Some of the best
Sarah Walk burst onto the scene with her stunning debut ‘Little Black Book’ in 2017. It was one of my favourite albums of the year so I was very intrigued as to how the piano-based alt-rocker would continue with her follow up ‘Another Me’. This time around, Sarah is in a more reflective mood. Substituting louder guitars for softer synths and lots of softer effects, this album is an emotional rollercoaster.
‘Another Me’ is an album that really shines as an emotional whirlpool. The title track speaks of that tipping point between choosing to move towards a better version of yourself after describing how her current version of herself is lacking, or full of traits she does not want. If you view the album through this lens, many of the other songs make sense as they form points of journey towards getting there.
‘Nobody Knows’ laments ‘what if it never comes’ around a circular stuttering beat and quick acoustic guitar as if you are spiralling into self doubt. The rousing anthem in waiting ‘What Do I Want’ literally explains the moment of crossroads and deciding what direction you want to spear off into. What I love about this is that even the song is produced in a way that feels like its stretching out its hand for the first time towards something it wants. The song has a euphoric chord progression but its placed on uneasy timid production so it sounds like a re-birthing. It is subtle and clever production and that reflective and thoughtful tone is present throughout the album. You hear it from the rewinding vocals on the opening track ‘Unravel’ that has more in common with an experimental Sarah McLachlan that a rock piece.
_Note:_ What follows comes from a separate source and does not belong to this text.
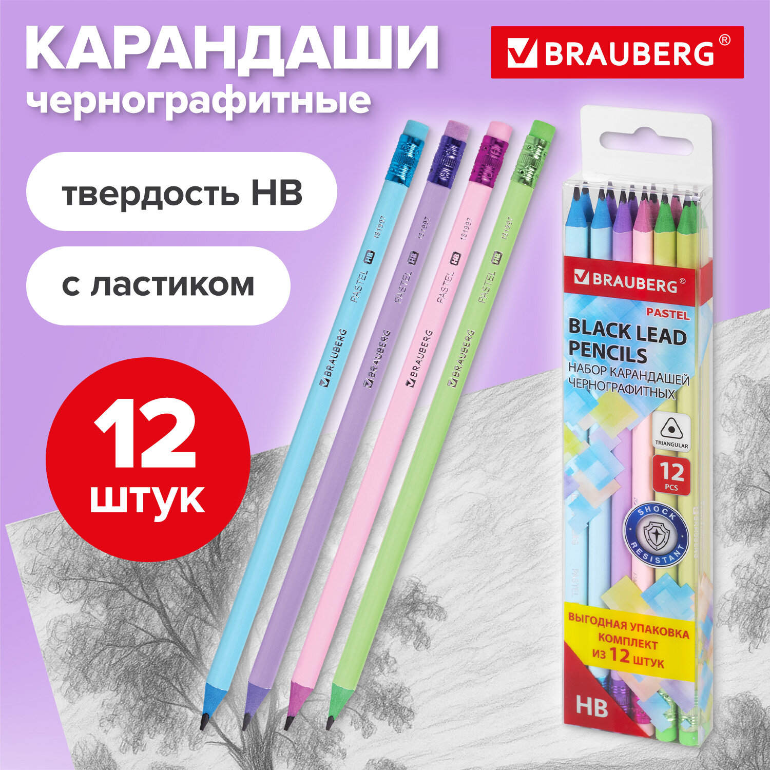 Набор карандашей чернографитных с ластиком BRAUBERG "PASTEL" 12 шт., HB Код товара: 181997 223,63 ₽ Купить Производитель:BRAUBERG Карандаши чернографитные BRAUBERG "PASTEL" – идеальные помощники для рисования, создания эскизов и графики. Функциональные и практичные карандаши в четырех трендовых пастельных цветах (без возможности выбора цвета). Каждый карандаш оснащен ластиком из безопасного материала, позволяющим с легкостью исправлять ошибки и корректировать штрихи. Ластик выполнен в цвете корпуса карандаша. Эргономичная трехгранная форма корпуса обеспечит дополнительный комфорт при использовании. Карандаши не сломаются при падении. Безопасны для детей. Поставляются заточенными. Благодаря универсальной твердости HB карандаши BRAUBERG "PASTEL" удобно использовать на учебе, для работы в офисе или для повседневных дел. Упакованы в прозрачный ПВХ-бокс с печатью и европодвесом.Производство: КитайТвердость: HBЗаточенный: даНаличие ластика: даДиаметр грифеля: 2.2 ммКоличество карандашей в упаковке: 12 шт.Количество твердостей в наборе: 1Серия: PastelФорма корпуса: трехграннаяУдаропрочный грифель: даДлина карандаша: 190 ммМатериал корпуса: пластикЦвет корпуса: пастельный ассортиДизайн: без дизайнаКоличество дизайнов в упаковке: 4 шт.Упаковка: ПВХ-бокс с европодвесомВес: 112 грРазмер упаковки: 1.8 × 21.2 × 4.8 смОбъём: 0.0002 м3Промежуточная упаковка: 12 штТранспортная упаковка: 144 штШтрих-код: 4606224422053 Сертификат-1.jpg Сертификат-2.jpg Сертификат-3.jpg

This nuance in production also lends itself towards tense moments of drama. ‘The Key’ is cinematic as spasms of electric guitar explode over sleek and sensual bass, organ and percussion sections. It is here where a secondary penny dropped for me, which is that ‘Another Me’ is also about identity and reclaiming your own identity. Whilst this may be about Sarah Walk coming out, a lot of the themes can be overlaid onto other reclaimations too. Feelings of not being included or feeling yourself permeate ‘The Outside’ as thick and dense strings and hammering drums smack against a clunky piano/toy piano crossover noise.
From there the album moves into a more defiant and confident as ‘Take Me As I Am’ allows Sarah Walk to proudly and brightly stand tall as herself. It is a beautiful track and I can also identify parts of myself within it too. What Sarah then does is take things a step further with ‘Flowers Grow’. This gorgeous ballad explains ‘I don’t know where you end and where I begin’ and she is speaking to her other version of herself. What she previously felt uncomfortable with at the start of the album is now something that she acknowledges. There is a calm reflection here that realises all that pain, hurt, anguish and confusion forms who you are today and you carry it along with you. It may not be your most immediate traits but those seeds still bloom within. The album closes with a quintessential Sarah Walk ballad which after two albums already feels like a staple required for every release.
‘Another Me’ wasn’t the aggressive and defiant album I had expected, especially when there was the provocative ‘CTRL’ single between the albums. This is a sombre but deeply cathartic experience that touched a deep root within me. As someone who doesn’t feel confident merging together different elements of my own self, sexuality and expression, every song spoke to me on a deeply personal level. The album itself is like a smooth snuggle of honey trickling down your ear and massaging your brain. It tells you it will get better but that pain will be part of the healing process. Sarah Walk pulls punches but she also knows how to make meaty resolutions and that is why this album, both in its music and narrative, is an absolute triumph.